Problem to work on >>
The lines below, from the one containing "BONÉ INHAMBU'S ESTILO" through the one containing "軒先はポリカが欠けており、木", should be set down exactly, with no pictures and nothing else.

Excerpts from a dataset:
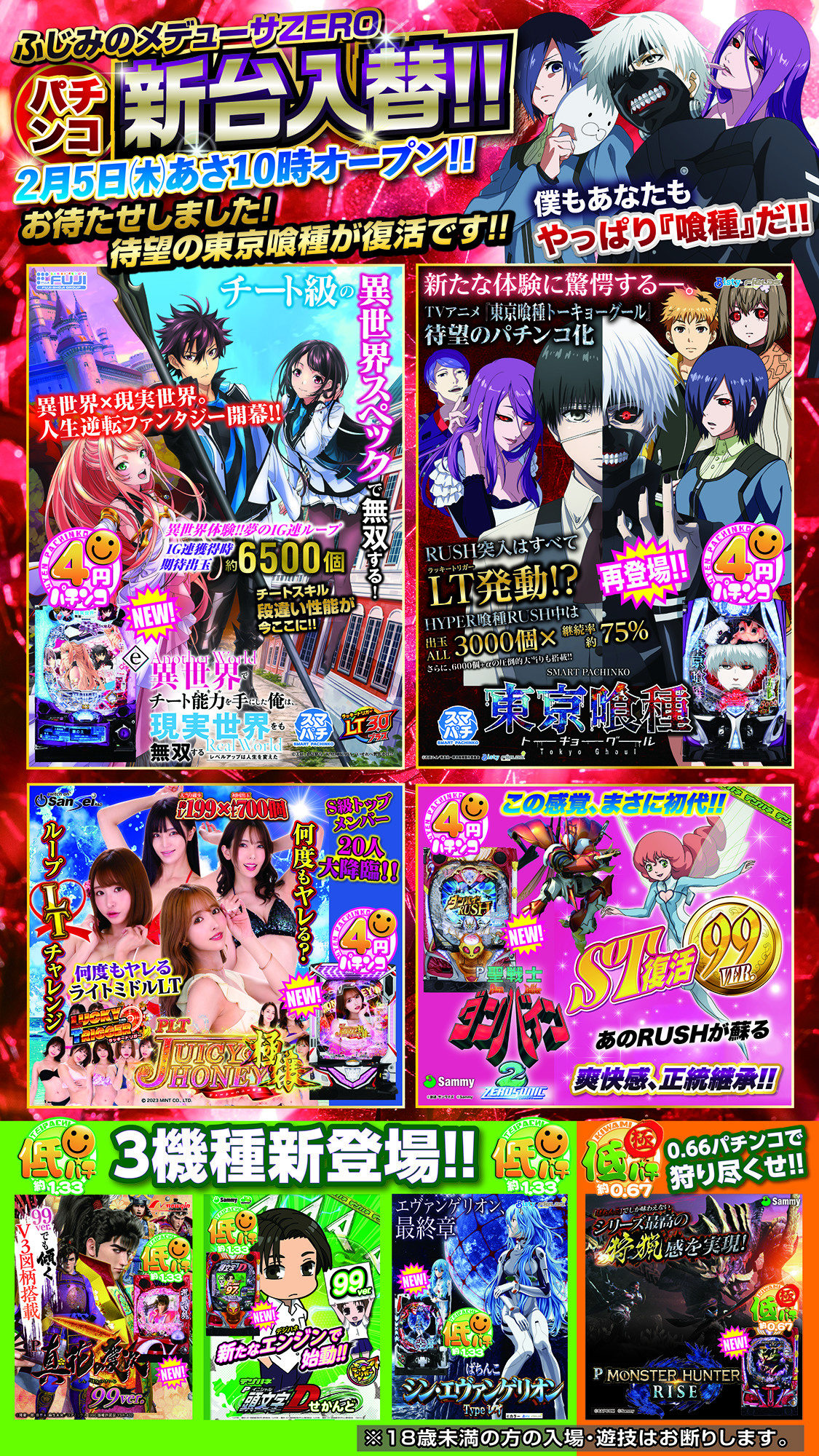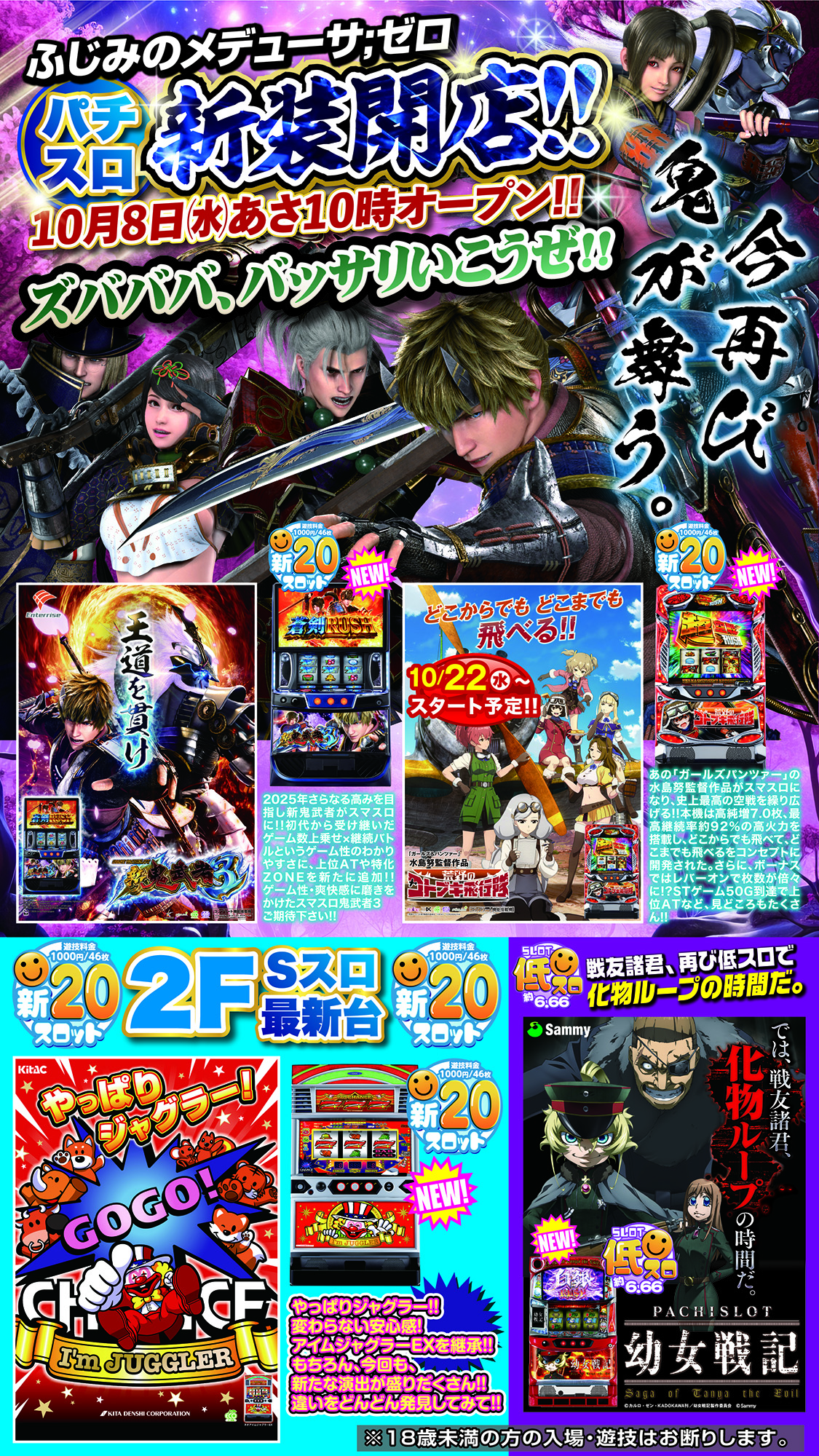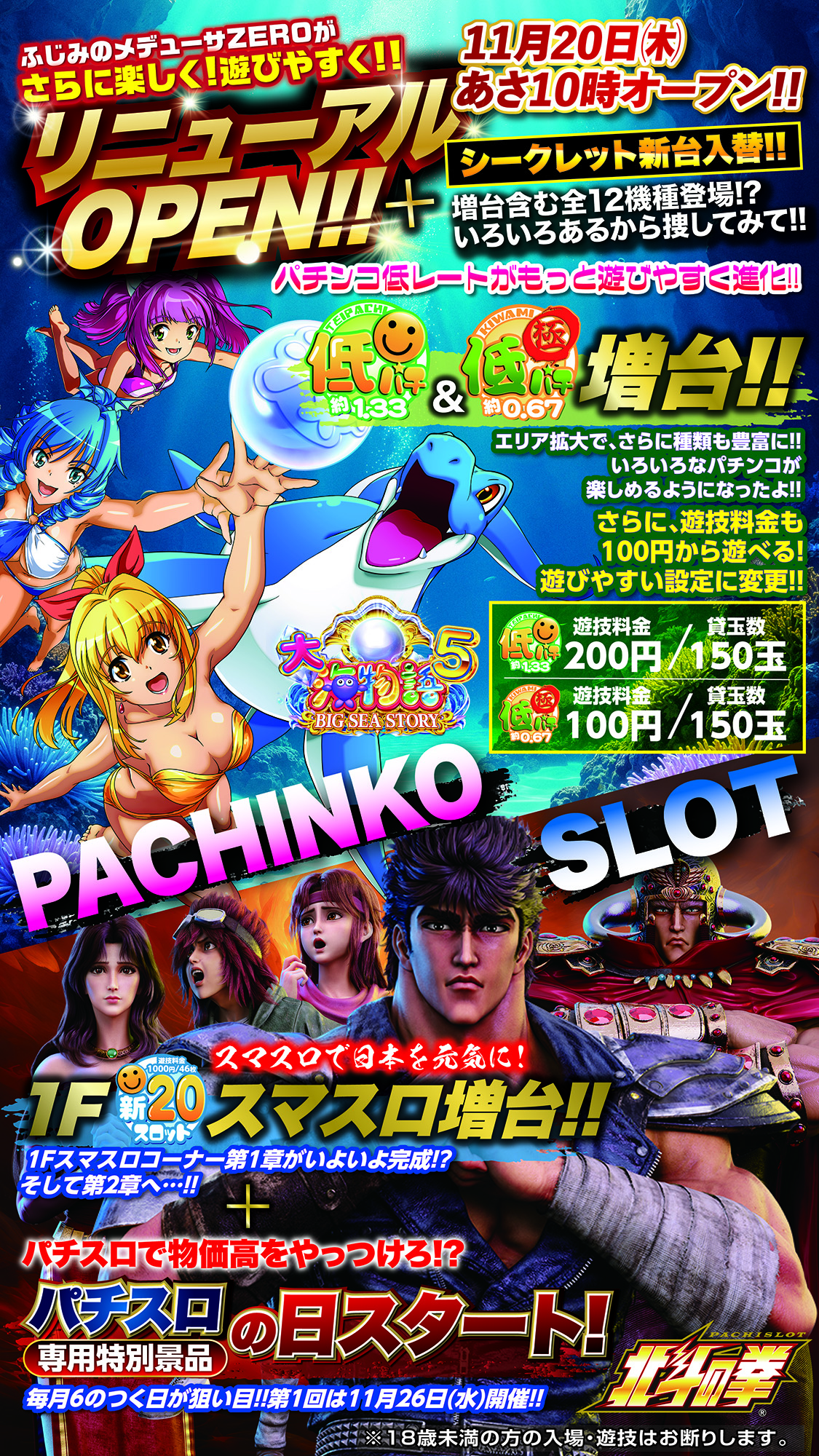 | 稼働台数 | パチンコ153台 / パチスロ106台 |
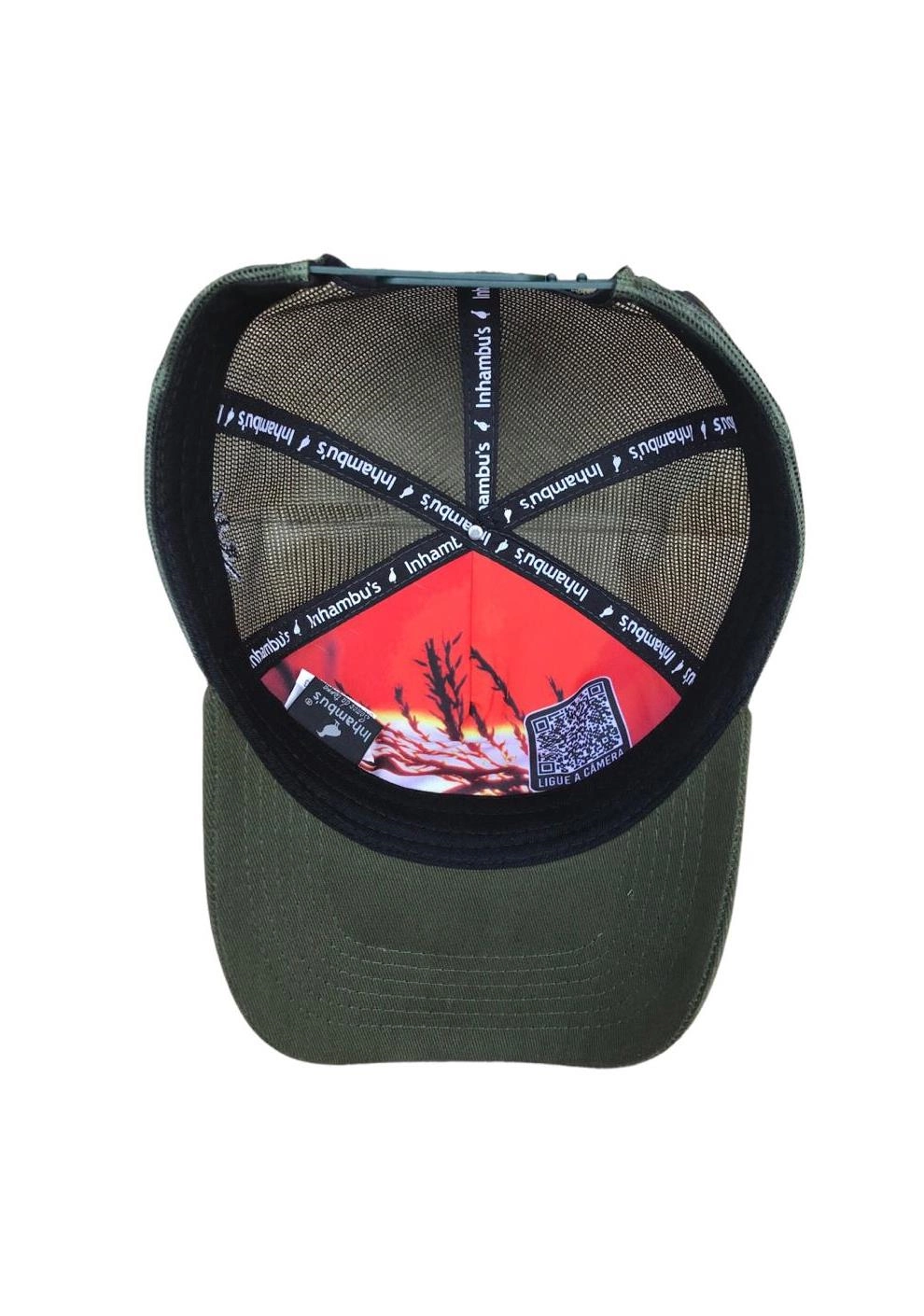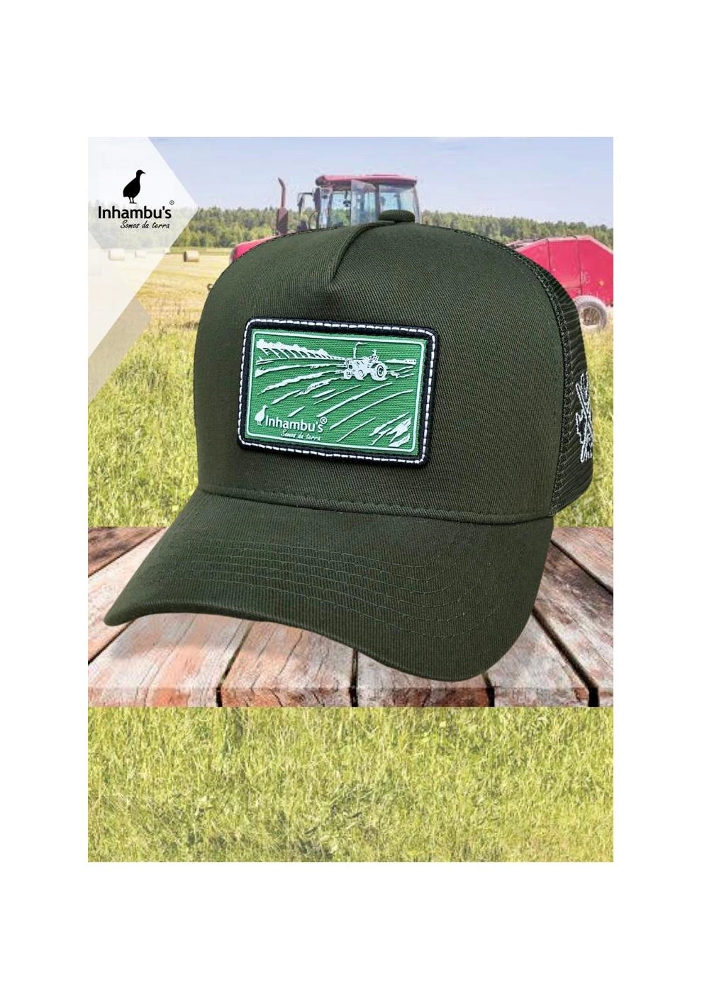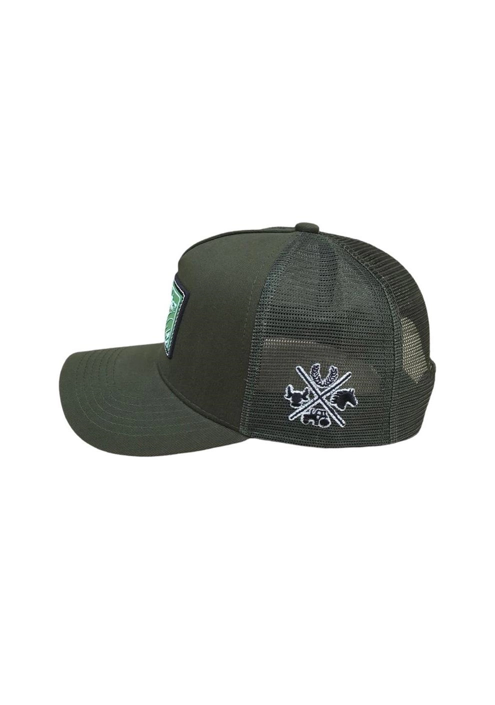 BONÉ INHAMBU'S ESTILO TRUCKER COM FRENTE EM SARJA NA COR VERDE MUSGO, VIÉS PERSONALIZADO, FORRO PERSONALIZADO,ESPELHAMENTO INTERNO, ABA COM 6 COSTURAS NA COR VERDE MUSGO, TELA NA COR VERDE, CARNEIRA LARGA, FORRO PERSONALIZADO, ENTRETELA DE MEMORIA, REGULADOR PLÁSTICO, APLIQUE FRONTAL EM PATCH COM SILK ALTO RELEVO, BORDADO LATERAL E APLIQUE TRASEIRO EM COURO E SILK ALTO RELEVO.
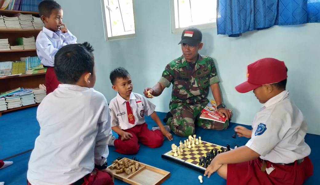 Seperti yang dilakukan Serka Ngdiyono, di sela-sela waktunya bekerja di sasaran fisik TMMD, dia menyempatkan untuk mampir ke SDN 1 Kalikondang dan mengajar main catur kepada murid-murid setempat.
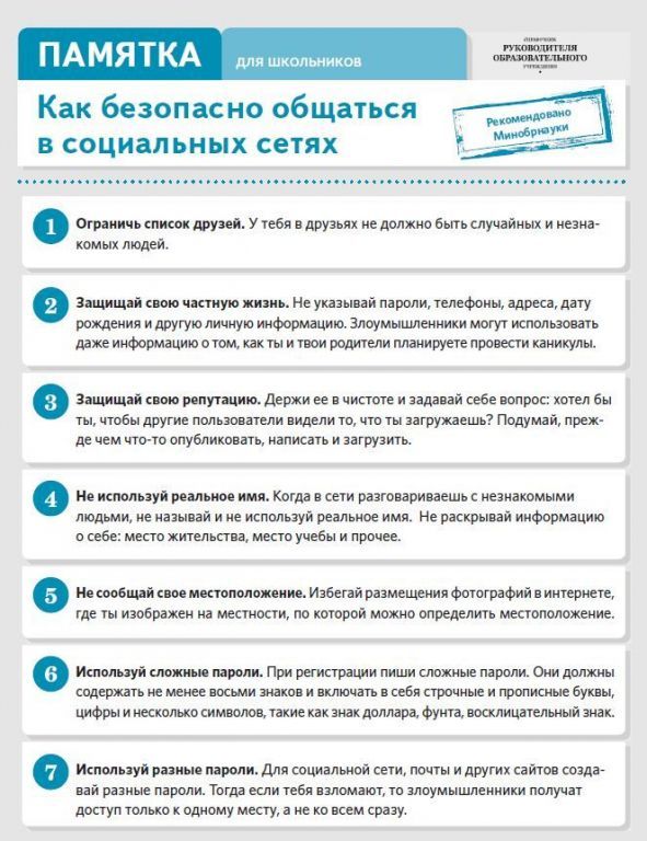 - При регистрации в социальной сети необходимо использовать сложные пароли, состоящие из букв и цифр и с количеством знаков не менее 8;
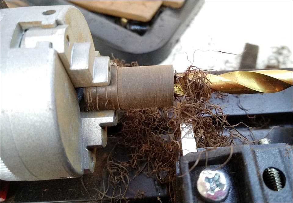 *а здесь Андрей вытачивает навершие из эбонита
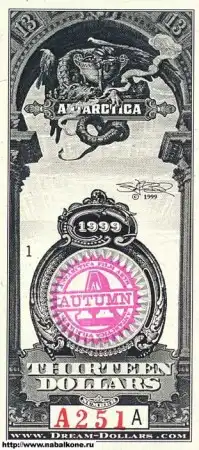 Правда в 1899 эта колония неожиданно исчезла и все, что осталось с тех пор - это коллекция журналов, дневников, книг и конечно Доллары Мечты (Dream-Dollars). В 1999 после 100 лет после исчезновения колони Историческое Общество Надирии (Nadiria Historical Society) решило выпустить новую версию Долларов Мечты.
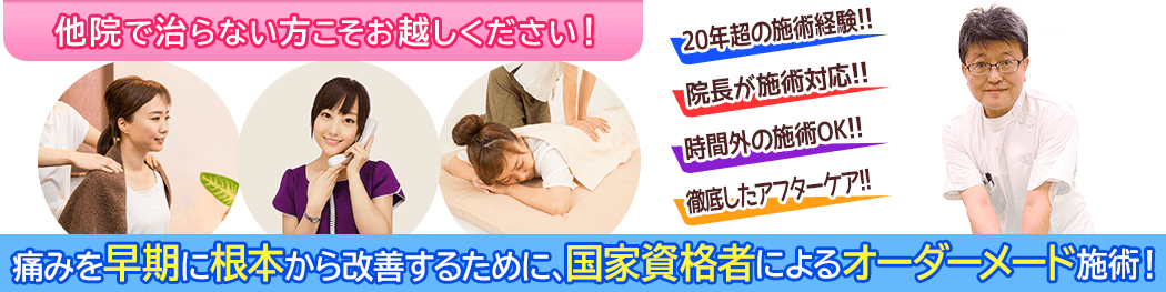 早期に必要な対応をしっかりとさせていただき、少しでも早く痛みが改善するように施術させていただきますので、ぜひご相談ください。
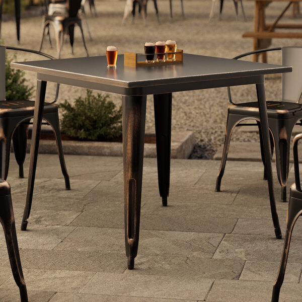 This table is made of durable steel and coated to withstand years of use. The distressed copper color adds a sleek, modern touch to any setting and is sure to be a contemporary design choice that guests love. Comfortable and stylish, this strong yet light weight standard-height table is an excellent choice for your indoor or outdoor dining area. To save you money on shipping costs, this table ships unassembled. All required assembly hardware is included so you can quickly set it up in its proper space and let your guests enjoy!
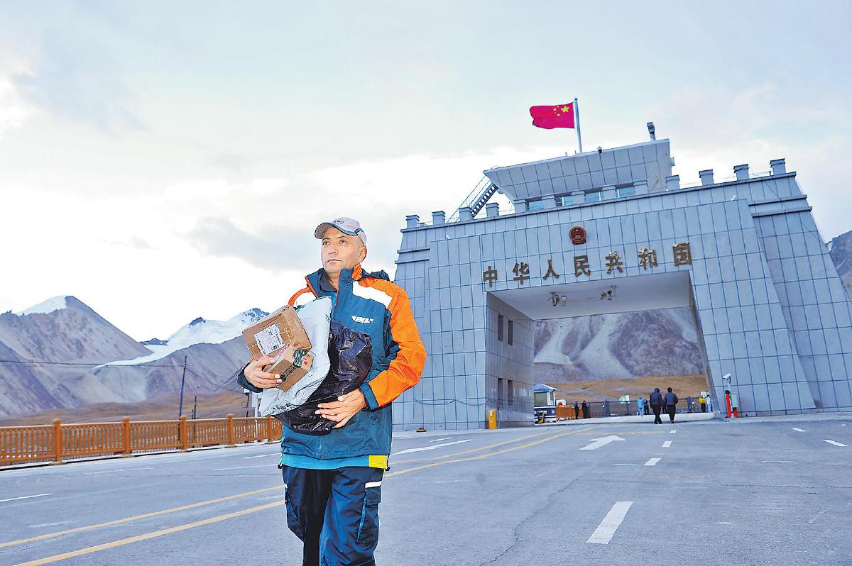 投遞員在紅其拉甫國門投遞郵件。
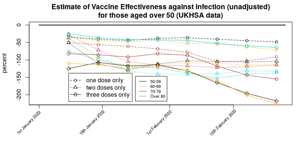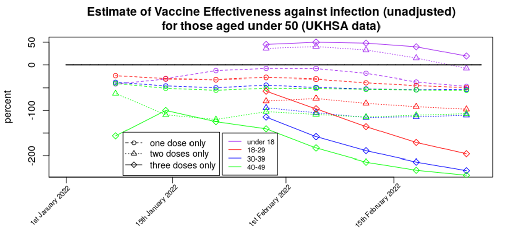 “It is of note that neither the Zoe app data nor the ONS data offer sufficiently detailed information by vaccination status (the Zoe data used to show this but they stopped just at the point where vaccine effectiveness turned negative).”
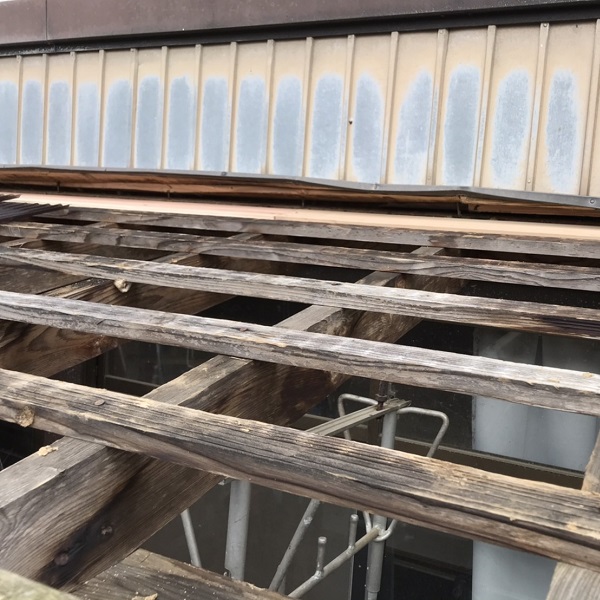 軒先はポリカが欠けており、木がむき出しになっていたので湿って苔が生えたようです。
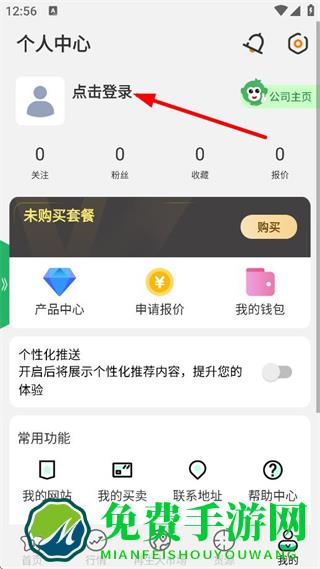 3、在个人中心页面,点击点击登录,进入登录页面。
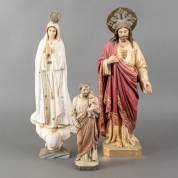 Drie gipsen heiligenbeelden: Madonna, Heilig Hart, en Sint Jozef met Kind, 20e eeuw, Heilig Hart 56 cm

Reply to the task >>
 BONÉ INHAMBU'S ESTILO TRUCKER COM FRENTE EM SARJA NA COR VERDE MUSGO, VIÉS PERSONALIZADO, FORRO PERSONALIZADO,ESPELHAMENTO INTERNO, ABA COM 6 COSTURAS NA COR VERDE MUSGO, TELA NA COR VERDE, CARNEIRA LARGA, FORRO PERSONALIZADO, ENTRETELA DE MEMORIA, REGULADOR PLÁSTICO, APLIQUE FRONTAL EM PATCH COM SILK ALTO RELEVO, BORDADO LATERAL E APLIQUE TRASEIRO EM COURO E SILK ALTO RELEVO.
 Seperti yang dilakukan Serka Ngdiyono, di sela-sela waktunya bekerja di sasaran fisik TMMD, dia menyempatkan untuk mampir ke SDN 1 Kalikondang dan mengajar main catur kepada murid-murid setempat.
 - При регистрации в социальной сети необходимо использовать сложные пароли, состоящие из букв и цифр и с количеством знаков не менее 8;
 *а здесь Андрей вытачивает навершие из эбонита
 Правда в 1899 эта колония неожиданно исчезла и все, что осталось с тех пор - это коллекция журналов, дневников, книг и конечно Доллары Мечты (Dream-Dollars). В 1999 после 100 лет после исчезновения колони Историческое Общество Надирии (Nadiria Historical Society) решило выпустить новую версию Долларов Мечты.
 早期に必要な対応をしっかりとさせていただき、少しでも早く痛みが改善するように施術させていただきますので、ぜひご相談ください。
 This table is made of durable steel and coated to withstand years of use. The distressed copper color adds a sleek, modern touch to any setting and is sure to be a contemporary design choice that guests love. Comfortable and stylish, this strong yet light weight standard-height table is an excellent choice for your indoor or outdoor dining area. To save you money on shipping costs, this table ships unassembled. All required assembly hardware is included so you can quickly set it up in its proper space and let your guests enjoy!
 投遞員在紅其拉甫國門投遞郵件。
 “It is of note that neither the Zoe app data nor the ONS data offer sufficiently detailed information by vaccination status (the Zoe data used to show this but they stopped just at the point where vaccine effectiveness turned negative).”
 軒先はポリカが欠けており、木がむき出しになっていたので湿って苔が生えたようです。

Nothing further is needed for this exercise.